The Affymetrix 6.0 microarrays used for CNV detection contain a total of 906,600 single nucleotide polymorphisms (SNPs) and 946,000 non-polymorphic copy number probes (CNPs) covering all human chromosomes. In the present article, the notion of SNP is used for all analyzed probe sets (SNPs as well as CNPs).
2. Noise Components
Figure 1 shows two samples (visualized by noise-free-cnv), displaying signal intensity (LRR—upper panel) and B-allele frequency (BAF—lower panel) of all SNPs ordered along the chromosomes. The Log R Ratio (LRR) is a normalized measure of the total signal intensity for two alleles of the SNP. The B-Allele Frequency (BAF) is a normalized measure of the allelic intensity ratio of two alleles . Signal intensities in sample ID 2355 show larger variance than in ID 1022. Moreover, a prominent pattern of waves is apparent in sample ID 2355. In many samples, we observed similar wave patterns. The noise-free-cnv software identified waves using a Gaussian filter with a large standard deviation, for instance comprising 1,000 SNPs. This filter “blurs” the values as shown in Figure 2(G,H). We called the resulting wave data the wave component of the LRR values. The variance of the blurred LRR values is a measure for the prominence of waves, the wave variance.
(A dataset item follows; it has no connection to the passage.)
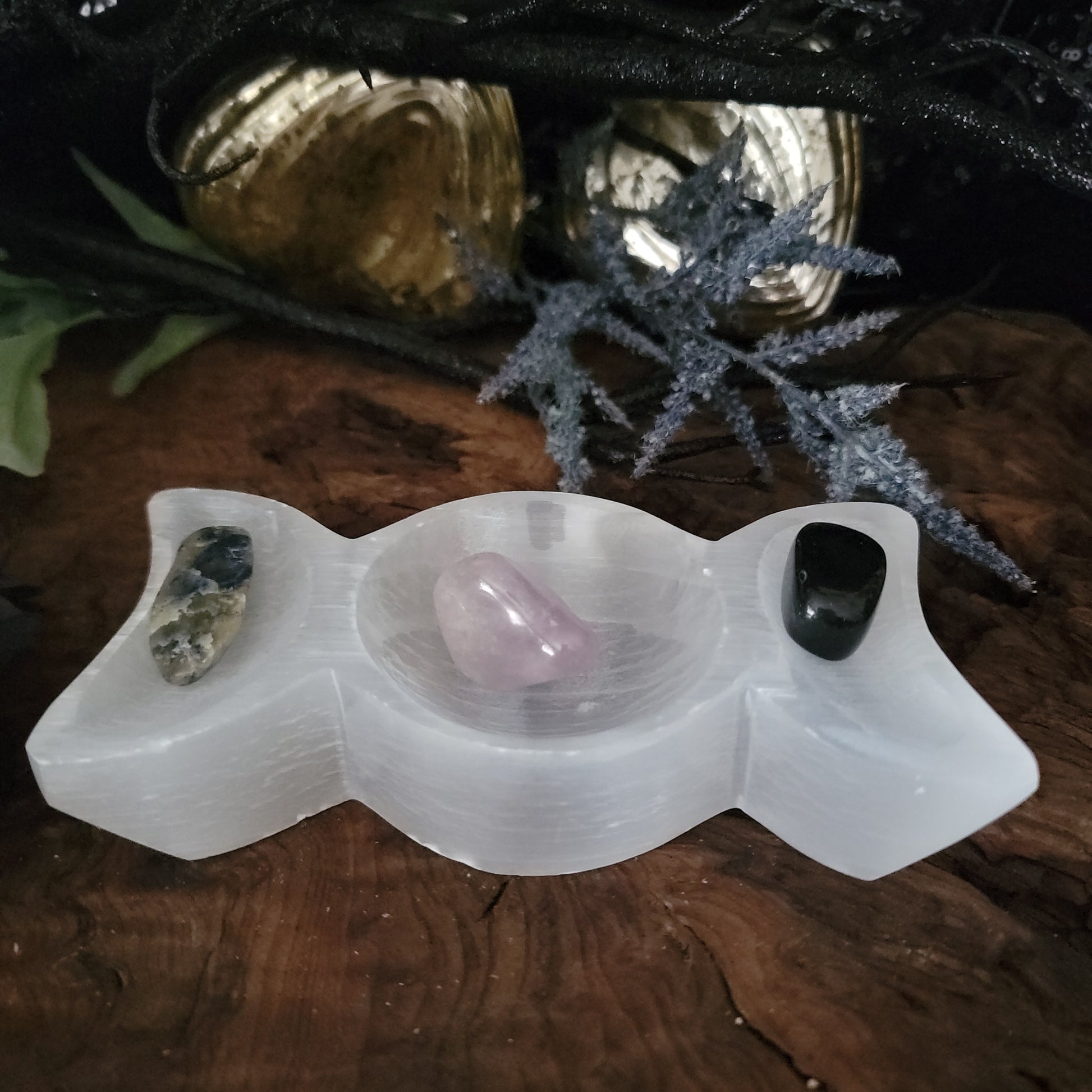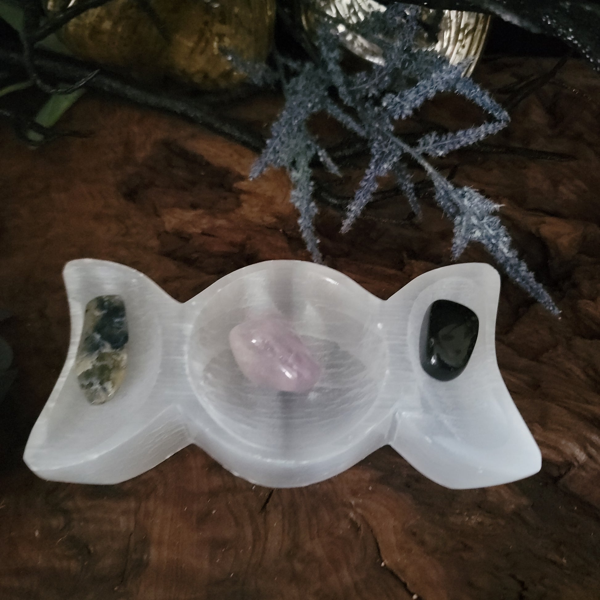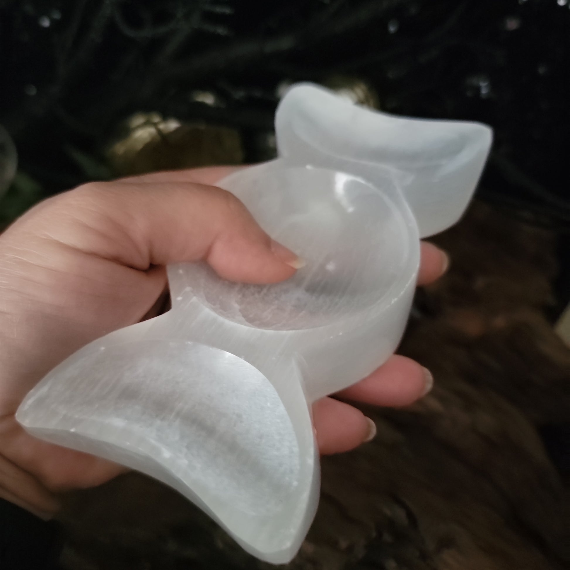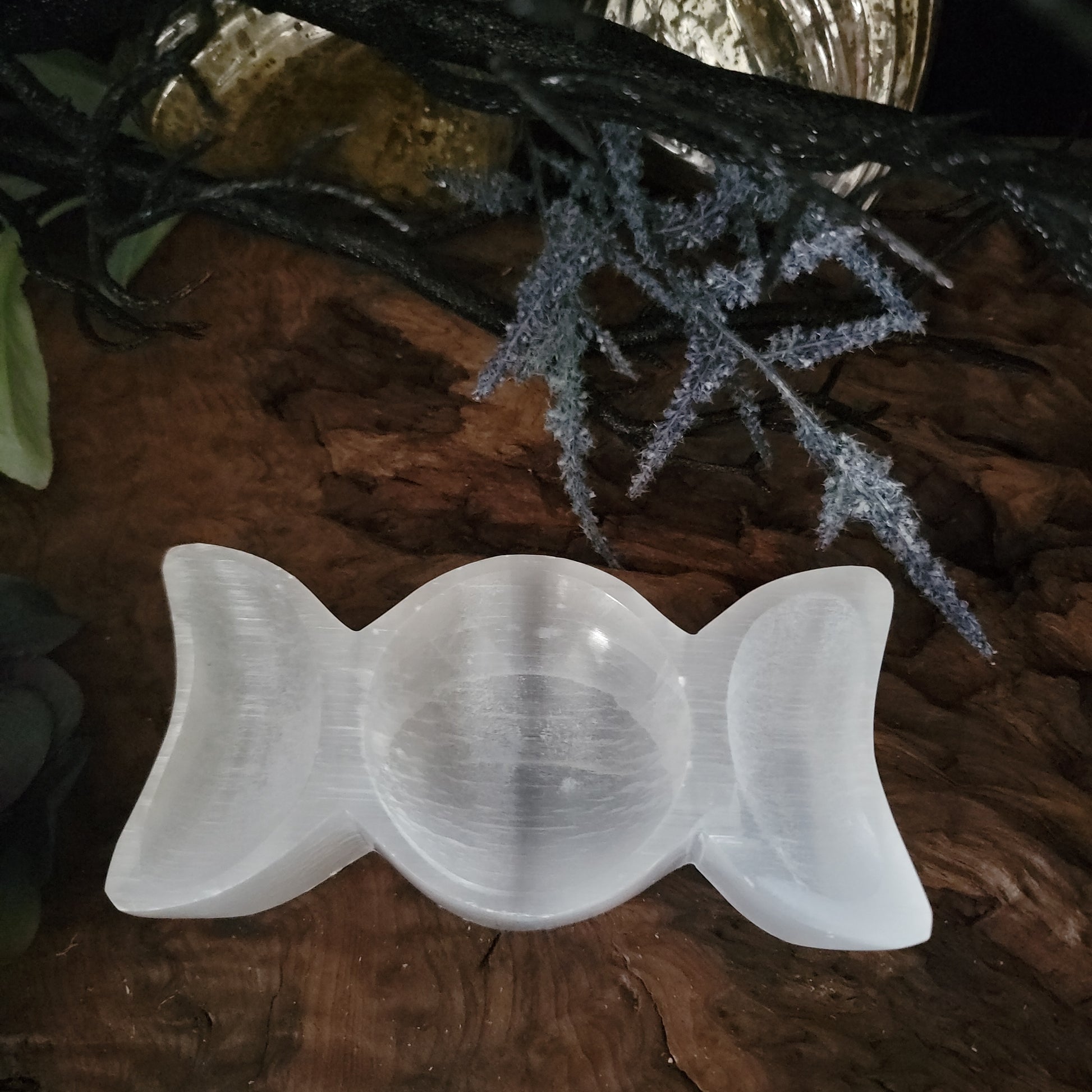Selenite Triple Moon Offering Bowl – Hecate Altar Charging Dish
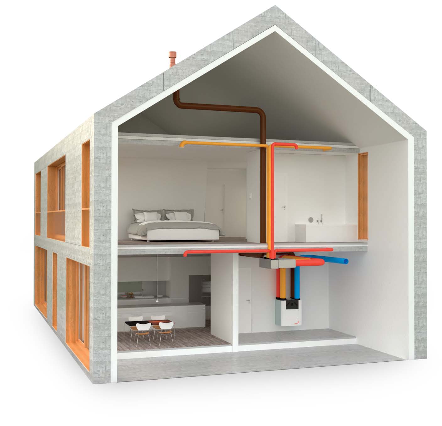 Le système de distribution d’air Zehnder véhicule l’air neuf tempéré de manière optimale vers les différentes pièces, en fonction des besoins, et l’air extrait est évacué à l’extérieur. Le débit d’air est ajusté aux besoins de chaque pièce.

This wave pattern was compared with the banding pattern of metaphase chromosomes (Figure 2). Human metaphase chromosomes were stained with the Giemsa-trypsine procedure, which induces a banding pattern. AT-rich regions are more frequent in Giemsa-dark bands than in Giemsa-light bands [19,20]. In our study samples, Giemsa-dark bands corresponded to genomic regions with reduced probe set signals. This pattern of noise was described by others as “genomic waves” or “CG-waves” [10,11,12,13]. The co-linearity of genomic waves with Giemsa bands illustrates that genomic waves follow a similar pattern in all samples.
After subtraction of the wave component, the resulting LRR values follow an approximately normal distribution around zero. We called the resulting values per-SNP component and their variance the per-SNP variance. The decomposition of system noise in wave component and per-SNP component is shown for one sample in Figure 3. Wave variance and per-SNP variance components were calculated for all samples in Table A1.
The system deviations of individual SNP signal intensities are strongly correlated across samples (Figure 4). To quantify the correlation of the noise (variance) components between different samples, we computed two additional data series: for each SNP the median through all 77 per-SNP components was computed and saved as the per-SNP profile. For the wave profile the same procedure was applied to the wave components. We then computed, for each sample, the correlation between the wave profile and the (individual) wave component as well as the correlation between the per-SNP profile and the (individual) per-SNP component. Details of the algorithm are described in Appendix. The high correlations found in our 77 samples confirmed that wave noise and per-SNP noise are system noise, i.e., follow highly non-random patterns. On average, the correlation was 0.843 for the wave component and 0.568 for the per-SNP component.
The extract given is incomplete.